Wen Chi miró a Ruo Fang y Ruo Tao.
—Naturalmente, es para alguien que ame lo dulce.
Pasaron unos días en calma.
Nadie vino de parte de Shi Ye, y Wen Chi, simplemente, dejó de preocuparse por el asunto. Se concentró por completo en perfeccionar el pastel de crema de frutas con Ruo Fang y Ruo Tao. El pastel ya tenía forma, pero no era muy apetecible a la vista.
Esa tarde, el sol brillaba intensamente.
Wen Chi aún estaba en la habitación viendo cómo Ruo Tao aplicaba la crema sobre el pastel, cuando de pronto oyó los pasos apresurados de Ping An.
—¡Maestro Wen! —gritó—. ¡El duque Zhu está aquí!
Wen Chi se quedó atónito. Le tomó un momento recordar que el duque Zhu era el eunuco que solía acompañar a Shi Ye.
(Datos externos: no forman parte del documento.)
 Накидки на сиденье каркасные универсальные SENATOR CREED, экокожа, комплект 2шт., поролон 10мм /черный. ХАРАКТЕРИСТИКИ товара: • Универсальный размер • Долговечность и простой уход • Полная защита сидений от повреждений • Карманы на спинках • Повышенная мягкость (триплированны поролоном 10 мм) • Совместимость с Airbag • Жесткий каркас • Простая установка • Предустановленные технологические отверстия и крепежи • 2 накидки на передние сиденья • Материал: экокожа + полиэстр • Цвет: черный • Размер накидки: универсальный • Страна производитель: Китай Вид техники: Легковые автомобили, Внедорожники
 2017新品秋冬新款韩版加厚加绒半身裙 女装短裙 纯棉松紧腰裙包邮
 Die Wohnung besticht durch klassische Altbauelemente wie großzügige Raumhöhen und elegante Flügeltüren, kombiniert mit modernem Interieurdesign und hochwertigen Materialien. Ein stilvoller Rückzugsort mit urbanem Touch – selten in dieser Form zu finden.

De inmediato dejó lo que tenía entre manos y fue al patio. Allí vio al duque Zhu esperándolo con las manos cruzadas a la espalda. Su expresión era fría, y detrás de él había dos doncellas con la cabeza agachada.
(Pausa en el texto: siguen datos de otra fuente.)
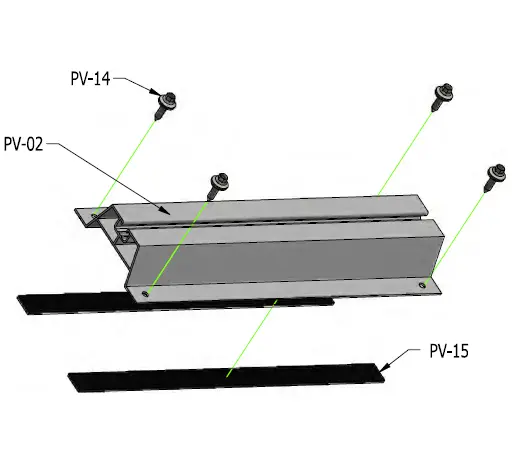 Das Aluminium-Trapezprofil oder die sogenannte Trapezbrücke ermöglicht die direkte Befestigung von Paneelen auf Trapezblechen. Es eignet sich für die Befestigung von Photovoltaikmodulen mit Mittel- und Endklemmen. Die Klemmen werden mit Innensechskantschrauben und Vierkantmuttern am oberen Kanal der Montageschiene befestigt. Die 40 mm hohe Schiene sorgt für einen freien Luftstrom unter dem Paneel, was eine natürliche Kühlung und die Trennung des Paneels von der beheizten Dachfläche ermöglicht.
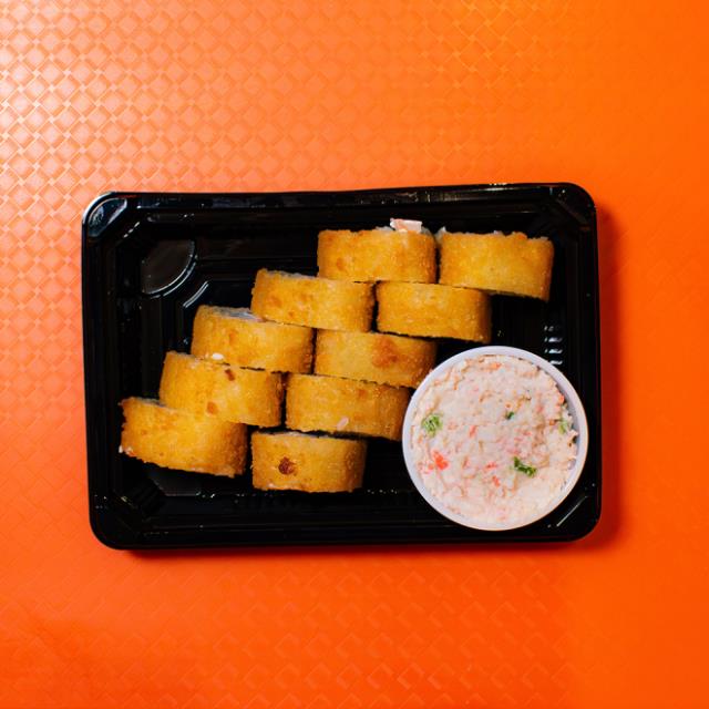 Camarón Empanizado, Pasta Tampico, Queso Crema, Aguacate, Furikake y Tártara.

Al verlo acercarse, el duque Zhu apenas lo miró y luego habló con voz seca:
—Maestro Wen, Su Alteza Real ha ordenado que venga a buscarlo.
Wen Chi se sorprendió, pero rápidamente lo aceptó. Lo inevitable, tarde o temprano, llegaría.
Resignado, siguió al duque Zhu hacia la residencia de Shi Ye, directo al estudio.
Al acercarse, Wen Chi vio una figura arrodillada al pie de las escaleras. A medida que se aproximaban, distinguió que era un joven vestido con ropas elegantes, de no más de veinte años.
El joven mantenía la cabeza baja. Su rostro estaba oculto bajo la sombra, y no podía verse con claridad su expresión.
Wen Chi sintió curiosidad. Lo miró con atención al pasar, y apenas pudo notar la línea de su mandíbula tensa, como si contuviera algo.
Justo cuando estaba por apartar la vista, el joven levantó la cabeza de golpe y lo miró directamente.
Sus ojos se encontraron.
Wen Chi captó el asombro en los ojos del joven, tan evidente como si lo hubiese gritado. También vio una chispa de celos encenderse de inmediato.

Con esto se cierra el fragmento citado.